To say this is amazing is an understatement because I am not athletic. I’m not a klutz and I wouldn’t call myself too uncoordinated but this kind of thing usually isn’t my style. Somehow racquetball did it for me and I was pretty good at it and I played often. In my twenties I played almost every day at lunch and yes I was tiny. Not just short the way I am now but tiny. Like 115lbs tiny. Stop laughing its true.
I’m really more a walker and a dancer (back in the day anyway, and I had the hair to prove it) but athletics just weren’t my thing so this was a very sweet win. No injuries, no pulls, no bouncing off the walls and jamming my shoulder, ok maybe a little pull. Fabulous. Put me in just the right mood to get married later on that day.
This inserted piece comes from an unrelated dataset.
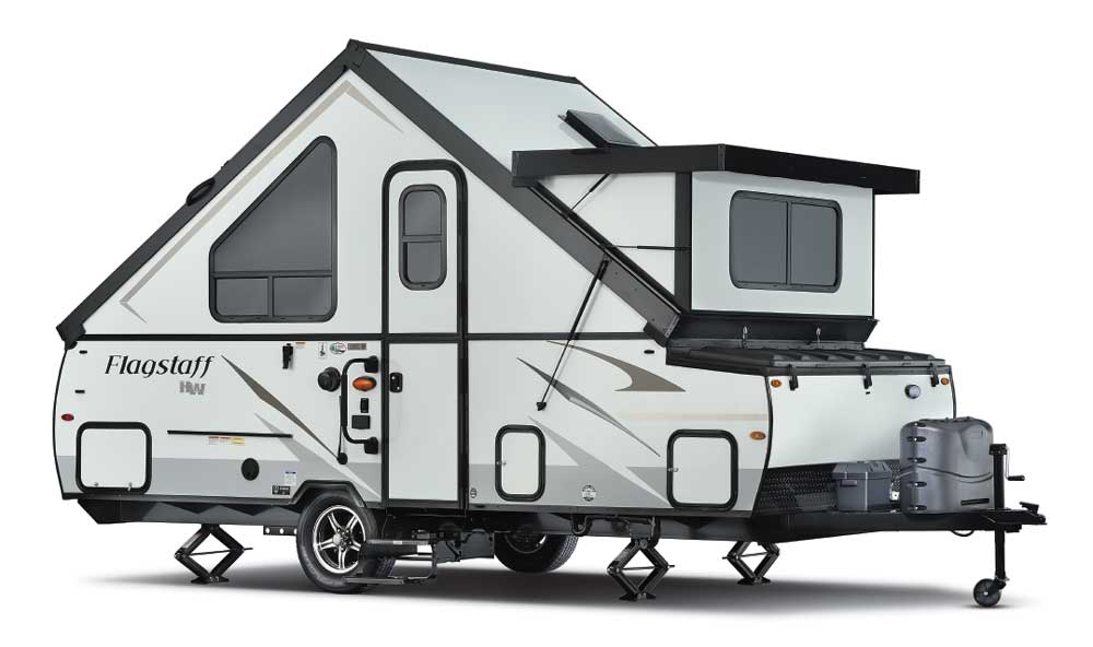 Like its sister manufacturer, Rockwood, Forest River’s Flagstaff brand offers nine A-frame models. The nearly 21-foot Flagstaff T21DMHW delivers more floor space than the Rockwood A122BHESP, and the headroom-extending front dormer is standard.

Oh yeah and I got married on September 26th thirty years ago today. It was a lovely, small affair and I danced with everyone there. It was a beautiful fall day and everything went as planned. I walked my father down the aisle, we brought tears to our mother’s eyes, and we said everything we wanted to say and meant every word of it. Everyone knew it would be a wonderful journey to see us through to our old age. Everyone knew it. Everyone.
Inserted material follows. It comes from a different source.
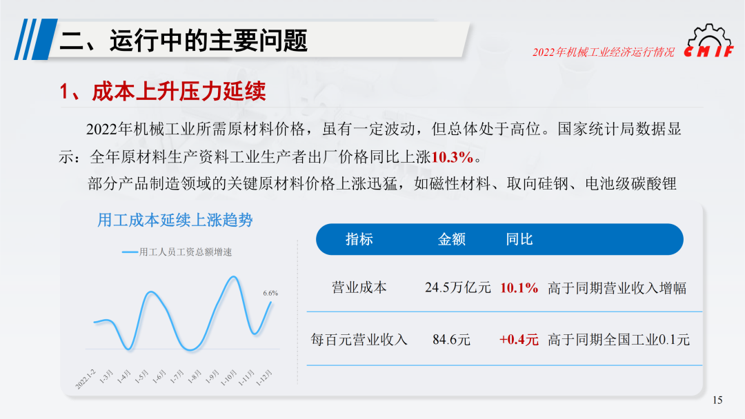 2022年机械工业所需原材料价格虽有一定波动,但总体处于高位。国家统计局数据显示,全年原材料生产资料工业生产者出厂价格同比上涨10.3%。此外部分产品制造领域的关键原材料价格上涨迅猛。如低压电气行业用磁性材料,变压器用取向硅钢片等价格大幅上涨;储能行业用电池级碳酸锂均价由2021年末的28万元/吨升至2022年末52万元/吨,11月价格一度冲高至近60万元/吨。此外,用工成本延续上涨趋势,重点联系企业用工人员工资总额同比增长6.6%。全年机械工业发生营业成本共计24.5万亿元,同比增长10.1%,高于同期营业收入增幅;每百元营业收入中的成本为84.6元,比上年增加0.4元。

And for quite a while it was a wonderful life. It was us against the world, the crazy Italian family, the circumstances thrown our way and we had everything life had to offer. Then it wasn’t a wonderful life, the circumstances became a heavy load and we couldn’t bear it any longer. Himself (as Cookie so aptly named him) succumbed to addiction and I succumbed to isolation. Both trying desperately to fight our way out but caught in the mire. No one’s fault, no bad feelings. As far as I know, to this day I’ve never said a bad word about himself; he did the best he could. I did the best I could but what I didn’t know then was that was not good enough. What I was doing didn’t help either of us and I’m sorry I stayed as long as I did. Not for the reasons you think, but because had I left sooner we might have been saved sooner, recovered sooner. Who knows how it all would have turned out?
I left racquetball because I wasn’t good enough. I left my marriage because I discovered I was good enough and deserved more. I believed I was good at racquetball; turns out everyone passed me by, my abilities were limited. I believed in my marriage and stayed a very long time, turns out life passed me by, my intentions were good but the road to hell was indeed paved with them.
Where are we now after four years since we’ve divorced? Himself is doing well, working hard at life and its simple rewards. He keeps in touch and frankly he is still my favorite brother of that family. After a lifetime with someone there are still some things that only they will understand and thankfully we can talk. I’m doing well too. I believed when I left that I would crawl first, then walk perhaps soar. I get closer every day.
I am just as happy to stand beside you today as I was thirty years ago. While many things in our lives have changed, that is one thing we can both depend on. So soar my big sister. I will be right here.